Tonight I will share with you some of the things we don’t share.  I will share with you the emotions that I feel from time to time, that honestly make me ashamed of myself.  Please no judgment or hateful comments.  I am opening up in a way I rarely do. 

Some days I feel like I am in a black hole.  I want to run and hide.  I want to scream at the world and transfer some of my hurt and fears onto something else.  Some days it is all I can do to stand in a room filled with people and not fall to my knees in tears.  I find it hard to watch kids Kate age participate in sports, dance, school, play dates, etc. because I am reminded of all the things Kate can’t do.  I hate going to IEP meetings and hearing the goals the therapist and teachers have for the next year.  They are so simple and appropriate for her condition, but once again, scream in my face all the abilities that Kate has lost due to her illness.  I struggle with celebrating a new life because I know that the new, precious baby will develop skills by the age of 6 months that surpass Kate’s abilities.  Am not proud of these feelings, but they are real. 

A few weeks ago I went to Meijers to get Easter candy and a small gift for each of the girls.  I was in a good mood when I left the house but by the time I was done it was all I could do to not cry in the check-out lane.  As I surveyed the candy options I struggled to find something Kate would enjoy.  Since she cant eat by mouth my options are limited.  I settled on suckers, like I always do.  I then searched and searched for a meaningful gift for her.  The soundtrack to Frozen and ????  Shopping for Lauren was easy.  It should be easy for Kate too.  I know Easter isn’t about candy and gifts.  I know Kate doesn’t care if her basket is filled suckers and gifts, but I care.  I care because once again the disease wins.  It has taken Kate’s ability to walk, talk, see, eat, learn, play, laugh, sing, and so on.  It has taken so much from her and us.  It shouldn’t be allowed to take the joy out of holidays.  But it does.  This disease has stolen so much from us.  (as I write this I struggle to tell you all the amazing things this disease has given us).  I left Meijer and felt as if I had my emotions in check once I loaded the car with the items I bought, so I headed to Five Guys.  I placed my order and as I watched the employees do their thing my emotions took over.  As I stood by one of the tables the tears flowed.  There was no stopping them.   I was so relieved when my order was up so I could cry alone in my car, which is often where I find myself crying. 

Then there are moments like yesterday, where nothing in particular happens but the feelings of sadness, fear, and loneliness hit me like a truck and came unexpectedly.  Nothing set this off, it just happened.  I allow myself to feel these emotions for a moment but never for too long.  I think it is important to acknowledge the feelings but because I have a family to take care of, an employer that depends on me to do my job, etc.
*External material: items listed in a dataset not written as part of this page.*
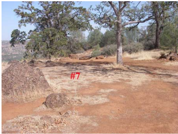
#7. 39.780015, -121.732975- Between tree and large rock, between holes near cliff.
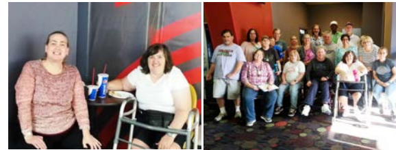
(Above) Benny Bowl Advisory Event
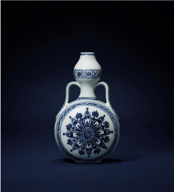
Property Of A Lady A Fine Rare Blue And White Moonflask Yongle Period (1403-1425) 10 ¼ in. (25.7 cm.) high
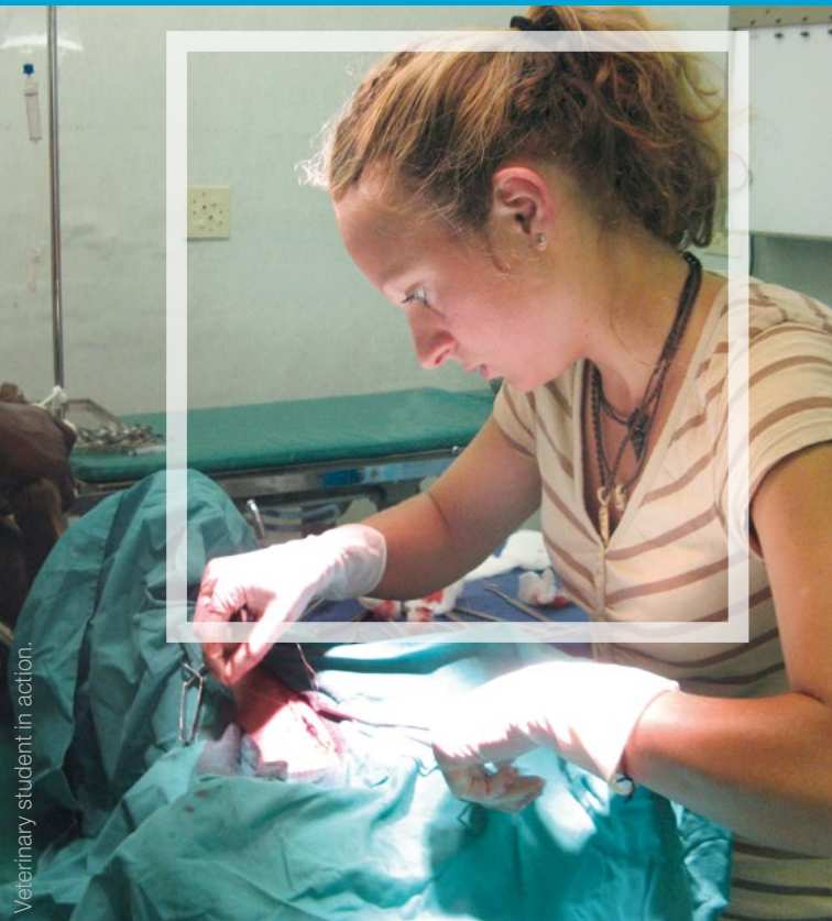
Veterinary student in action.
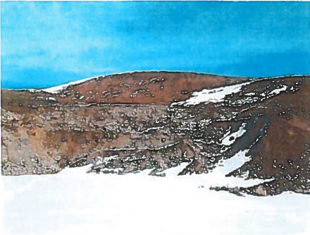
Borrow Area with graded slope above
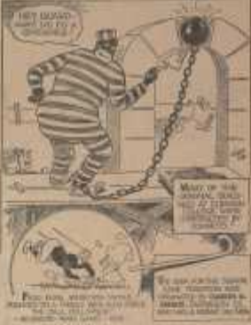
For the man who borrows, the chain is heavy. It is heavy because it is heavy.
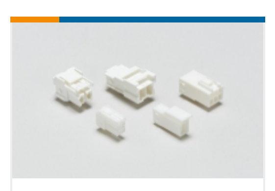
Rectangular Power Connectors(2)
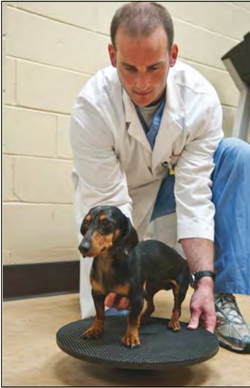
Figure 3. Wobble boards help support the patient as it maintains its balance.

limb. The patient must correct its balance by shifting weight to the affected limb. 3,11,16
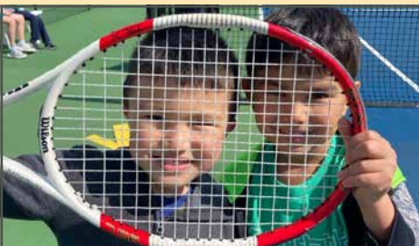
Spring Break Tennis Camp
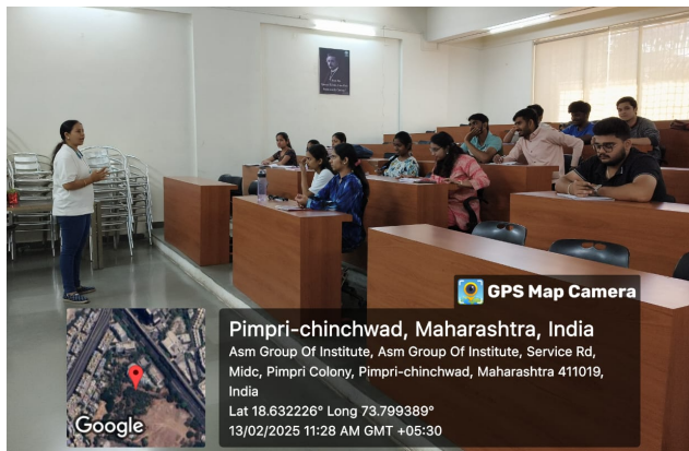
GPS Map Camera Pimpri-chinchwad, Maharashtra, India Asm Group Of Institute, Asm Group Of Institute, Service Rd, Midc, Pimpri Colony, Pimpri-chinchwad, Maharashtra 411019, India Lat 18.632226° Long 73.799389° 13/02/2025 11:28 AM GMT +05:30
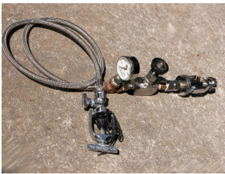
Figure 3 DIY O<sub>2</sub>-Clean gas transfer whip. Stainless steel fittings are used for components that are changed frequently.

Figure 2 A pressure gauge, coupled to a standard industrial pneumatic fitting, is used to adjust the inflation regulator's interstage pressure and also the pressure relief valve's blow-off pressure. Other fittings are shown as examples of other convenient utilities that can be hooked-up to SCUBA for purposes such as lift bag inflation, or driving a booster pump.
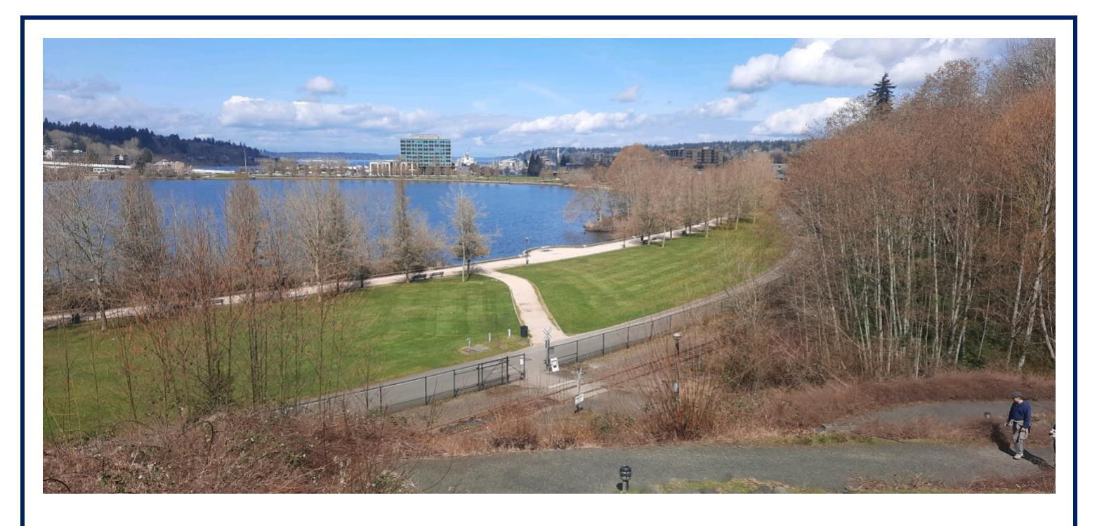
Switchback Trail is open again for walkers to enjoy.
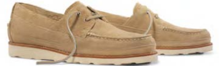
80577 | TAN

ANTI-FATIGUE TECHNOLOGY FOR ALL-DAY COMFORT
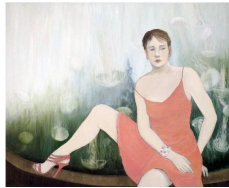
Joan Barber, Captive Sea , 2010, 40 x 50 inches
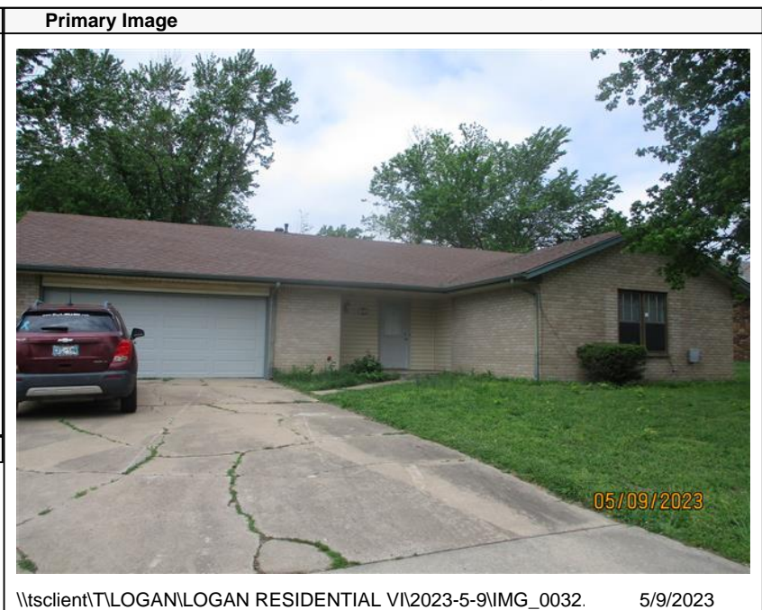
\\tsclient\T\LOGAN\LOGAN RESIDENTIAL VI\2023-5-9\IMG_0032. 5/9/2023

I don’t allow myself to dwell in those emotions for too long.

Amazing I am not.  Inspiring I am not.   Mother and wife making the best out the life she and her family is living?  Yes!  I appreciate the compliment but if you knew how dark and sad some of my days are, you probably wouldn’t think that about me. 

Perhaps, through writing this I have determined why I end most of my conversations and updates on a positive note.  It is easier to focus on the good than the bad.  It brings joy to my heart to see the gifts we have and the blessings we enjoy. 


So for those who wonder what its like to be us or have asked me to be more open and transparent, this is a small glimpse into the darker side of the disease.  Not pretty, but real.  I hope you will join us in seeing the blessings and not the sadness.